Page MenuHomeSoftware Heritage

Migrate to confluent-kafka instead of kafka-python
ClosedPublic

Authored by olasd on Sep 11 2019, 2:58 PM.

Details

Summary

While kafka-python is a useful library, confluent-kafka is based on rdkafka
which is the upstream-supported kafka client library, and supports more
features (e.g. proper authentication modes) which we should be using when
opening our kafka brokers to the internet.

Test Plan

tox runs

Diff Detail

Repository
rDJNL Journal infrastructure
Branch
confluent-kafka
Lint
No Linters Available
Unit
No Unit Test Coverage
Build Status
Buildable 7764
Build 11164: tox-on-jenkinsJenkins
Build 11163: arc lint + arc unit

Event Timeline

vlorentz added a subscriber: vlorentz.
vlorentz added inline comments.
swh/journal/cli.py
106–107

If the point is to have a log before the first call to process, you could just move the other logging statement here.

swh/journal/client.py
76–84

Nitpick:

consumer_settings = {
    **consumer_settings,
    'bootstrap.servers': ','.join(brokers)
    ...
}

(for consistency with other places in the code base)

119–120

Could be an attribute of the object.

136–139

Are you sure about the error handling? I can't find doc on what a non-fatal error is, so I have no idea if it's correct...

A log message may be nice.

swh/journal/direct_writer.py
71–85

swh-storage uses write_addition for content, snapshot, origin_visit, and origin. They need to be flushed too.

A boolean flag to write_addition defaulting to flushing would do it.

swh/journal/tests/conftest.py
237–238

This comment should be moved a few lines below

swh/journal/tests/test_direct_writer.py
26–49

Why not a JournalClient with max_messages=expected_messages?

swh/journal/tests/test_replay.py
61

missing producer.flush()

138

Isn't this simplification working only as a side-effect of the current implementation?

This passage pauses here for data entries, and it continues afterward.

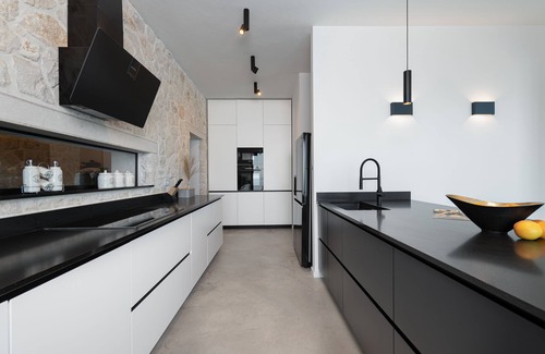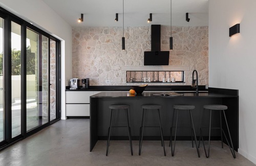 Spacious villa contains 5 bedrooms with en-suite bathroom , each with double bed, air conditioning,smart TV, terrace access. Four bedrooms are on the top level while one is on the ground floor. En-suite bathrooms have two sinks and a shower , while one on the ground floor also has a freestanding bathtub. The large glass walls make the house feel airy, allowing for views of the environment from almost every corner of the villa. The villa is functional and minimalist. A living room with an indoor fireplace and a smart TV is connected to a dining room and a fully equipped kitchen. Connected spaces are ideal for family and friendly gatherings. The lower level of the house has a direct access to the pool and outdoor patio. Behind the kitchen is a large pantry. The villa also has an outdoor kitchen with a large dining table.
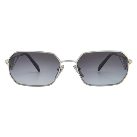Prada Sunglasses. Series number: PR A51S. Color code: 1BC90A. Shape: Geometric. Lens Width: 58 mm. Lens Bridge: 17 mm. Arm Length: 140 mm. 100% UV protection. Non-Polarized. Frame Material: Metal. Frame Color: Silver. Lenses Type: Grey Gradient. Rim Style: Full-Rim. UPC/EAN code: 8056262346495. Prada Grey Gradient Geometric Ladies Sunglasses PR A51S 1BC90A 58.<br/><br/>Manufacturer's Packaging Included. Packaging Size And Color May Vary.
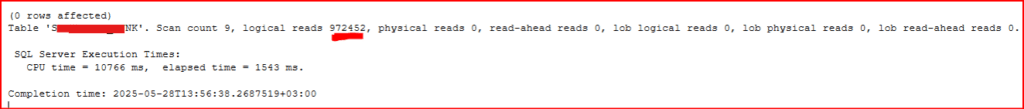 - Logical reads: Bellekten (cache’ten) okunan 8KB’lik sayfa sayısı (972,452 sayfa ≈ 7.6GB veri). Çok yüksek bir değer.

This revision now requires changes to proceed.Sep 11 2019, 3:29 PM
olasd marked 5 inline comments as done.

Apply comments from @vlorentz

swh/journal/cli.py
106–107

The point was to get a log message on every loop because process was blocking because I wrote buggy code. These logging statements are useless now.

swh/journal/client.py
76–84

*bleh*

119–120

Are we ever going to need to override that?

136–139

Pretty sure, yes.

I've added a log message for non-fatal errors.

swh/journal/direct_writer.py
71–85

You're right. They also needed to do that in the previous implementation (which flushed only when the library felt like it), so there's no real degradation of guarantees here.

swh/journal/tests/conftest.py
237–238

Turns out this isn't needed anymore so I scrapped it.

swh/journal/tests/test_direct_writer.py
26–49

(I kept the original rationale here)

Because we only want to test the JournalWriter in this test, not the combination of the JournalWriter *and* the Client.

swh/journal/tests/test_replay.py
138

I don't understand this question.

The whole point of this queue business was to mock what the upstream kafka consumer produces, so we don't need to add a kafka in the loop. With kafka-python, the consumer produces batches of messages grouped by partition; with confluent-kafka, it just produces a bunch of individual messages.

Run tox before pushing next time

vlorentz added inline comments.
swh/journal/client.py
119–120

I don't know

swh/journal/tests/test_direct_writer.py
26–49

You're reimplementing a large part of the Client though

This revision is now accepted and ready to land.Sep 11 2019, 5:20 PM
This revision was automatically updated to reflect the committed changes.